Czesc, temat będzie długi.. ale liczę na pomoc.
Poroniłam 17 kwietnia w 6 tygodniu ciąży. Poronienie bez zabiegu, preparatem misoprostol. Po 6 tygodniach normalnie dostałam pierwszy okres. I od tamtego czasu ciągle mam jakieś problemy.. bez przerwy jak nie torbiel czynnościowa na jednym jajniku to na drugim, trądzik jakiego nigdy nie miałam (czoło, broda, policzki i szyja) nieregularne miesiączki, oraz brak owulacji.. bądź bardzo szybkie niespodziewane pęknięcie pęcherzyka. W lipcu śledziłam cykl z lekarzem. Co 2 dzień chodziłam na USG, i nic się nie działo. Po kolejnych 2 dniach nagle się okazało że do owulacji już doszło bo lekarz widział płyn w zatoce Douglasa..i znów się nie udało . Organizm przygotowuje się do owulacji, mam wszystkie objawy ale z jakiegoś powodu do niej nie dochodzi.Mój cykl trwa 24 dni, i od początku zastanawiam się czy tutaj nie leży problem, w lipcu owulację miałam dopiero w 17dc. Ginekolog do którego chodzę każe brać luteinę co cykl, ale pomimo przyjmowania jej miesiączka potrafi się przebić. Nie zlecił mi żadnych badań, zapytałam czy nie należy najpierw śledzić progesteronu żeby ocenić czy potrzebuje luteinę, ale on twierdzi że tak się robi po poronieniu. Powiem szczerze nie ufam mu.. zastanawiam się nad jakimś innym ginekologiem, nad badaniami, czy udać się do lekarza od niepłodności?
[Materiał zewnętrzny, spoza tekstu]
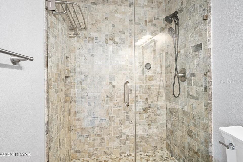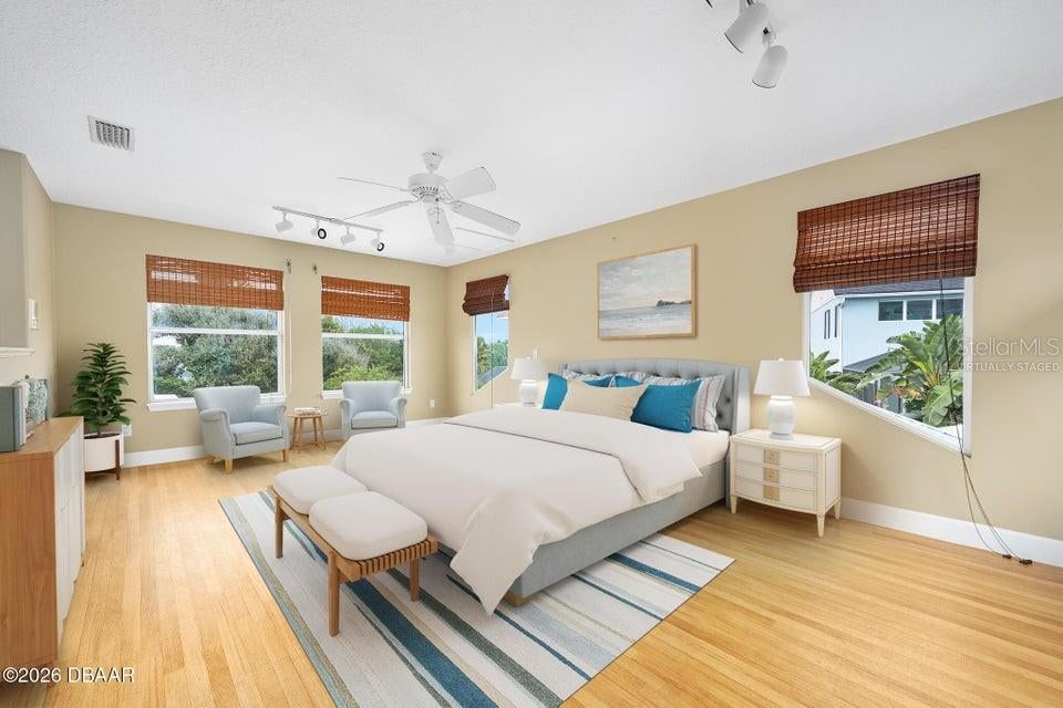 If you've been searching for a beachside home just a short stroll from the ocean—complete with a newer roof, walk-in closets, a spacious primary suite, and a rare 3-stall garage for all your toys—your search ends here. This custom-built home offers standout curb appeal from the moment you arrive, with a gated driveway and professionally designed tropical landscaping enhanced by stunning outdoor lighting. Step inside and enjoy an oversized screened lanai overlooking the custom heated pool, fire pit, and a covered seating area perfect for relaxing or cheering on your favorite team. The open-concept living area seamlessly connects the kitchen—with its generous pantry—to the living room, where volume ceilings and a cozy fireplace create an inviting atmosphere. A beautiful wide wooden spiral staircase leads to the bonus loft, offering endless possibilities: a fourth bedroom, art studio, workout space, or whatever suits your lifestyle.
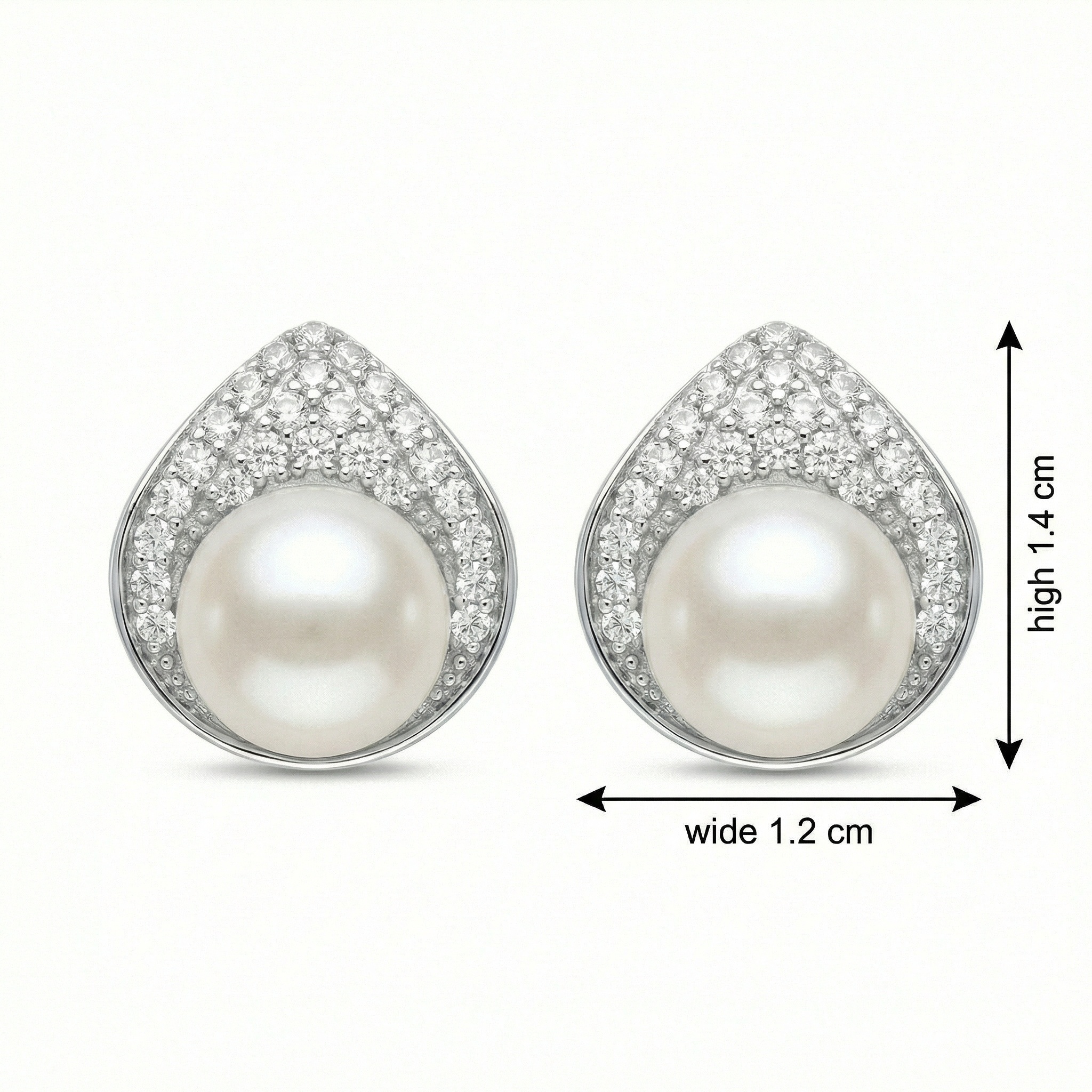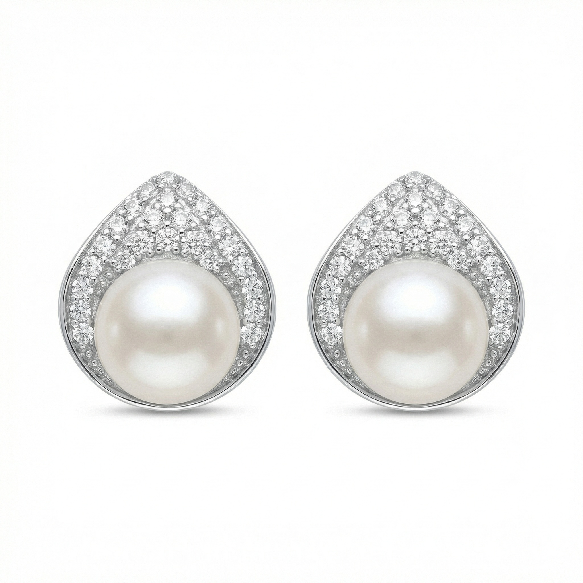 These exquisite stud earrings feature a timeless design that blends classic elegance with modern brilliance. At the heart of each earring sits a lustrous white pearl, renowned for its smooth surface and soft glow. The pearl is cradled within a sophisticated teardrop-shaped frame crafted from polished silver-toned metal. This halo is meticulously embellished with a shimmering pavé of brilliant-cut diamonds that catch the light from every angle, adding a touch of luxury and sparkle. The combination of the organic beauty of the pearl and the precision of the diamond accents creates a stunning visual contrast. Ideal for weddings, formal events, or simply adding a touch of refinement to your daily ensemble, these earrings are a versatile addition to any jewelry collection. They offer a secure and comfortable fit, making them a perfect gift for a loved one. | Brand: jewelryodm
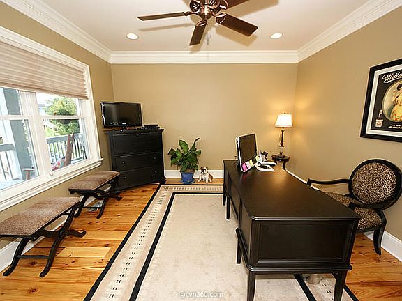 You can tell by the designer touches and fine craftsmanship that no expense has been spared in the construction of this gorgeous home that is within a short walk to a community dock with great fishing and crabbing. The flooring throughout is recently refinished 5 1/4 Australian Cypress except for the marble bath rooms, slate bar floor and the three upstairs bedrooms that have carpet. The entrance is warm and inviting and when you enter the grand family room with its high coffered style ceilings with fan and gas fireplace with built-ins it almost takes your breath away. This home is an entertainer's dream with the open floor plan and gourmet kitchen. There are granite and stainless steel Bosch appliances, including double ovens, microwave, dishwasher and gas cooktop.It has plenty of counter space and custom cabinets. The bar area around the corner has slate floor and beamed ceilings with a wet bar, wine cave and plenty of cabinets for glass wear. The bar opens to a large deck overlooking a very private backyard. The master, another bedroom and office are located on the first floor. The large master has an en-suite bathroom with Travertine marble floors and a steam shower. There is also a whirlpool bath to relax after a hard day's work. Attached to the master bath is a very large custom closet. The upstairs has three more bedrooms with ceiling fans in each one. The home also features central vacuum for easy cleaning. The home sits on a gorgeous lot and with a new fence that is beautifully landscaped. Owners have recently had the home painted, inside and out, and a new lower lever air handler and dual thermostats were installed in 2014. There is over 1,000 sqare feet of decks/porches that provide excellent opportunity to enjoy the lot that is just under acre! There is really too much to tell about this home it truly is a jewel and a must see to really appreciate all the details.

Nie bardzo wiem co mam z tym zrobić.. boje się że to już tak zostanie, że nigdy nie uda mi się zajść ponownie w ciążę. Każdy kolejny miesiąc boli mnie coraz bardziej, a jak słyszę słowa lekarza"Pani przestanie o tym myśleć to się uda" szlak mnie trafia. Być może któraś z was może mi coś doradzić, do kogo się udać

Dodam że robiłam badania w kierunku trombofili po poronieniu i mam mutacje Pai-1 oraz MTHFR obie. Biorę acard 75 mg, a w ciąży lekarz powiedział że heparyna.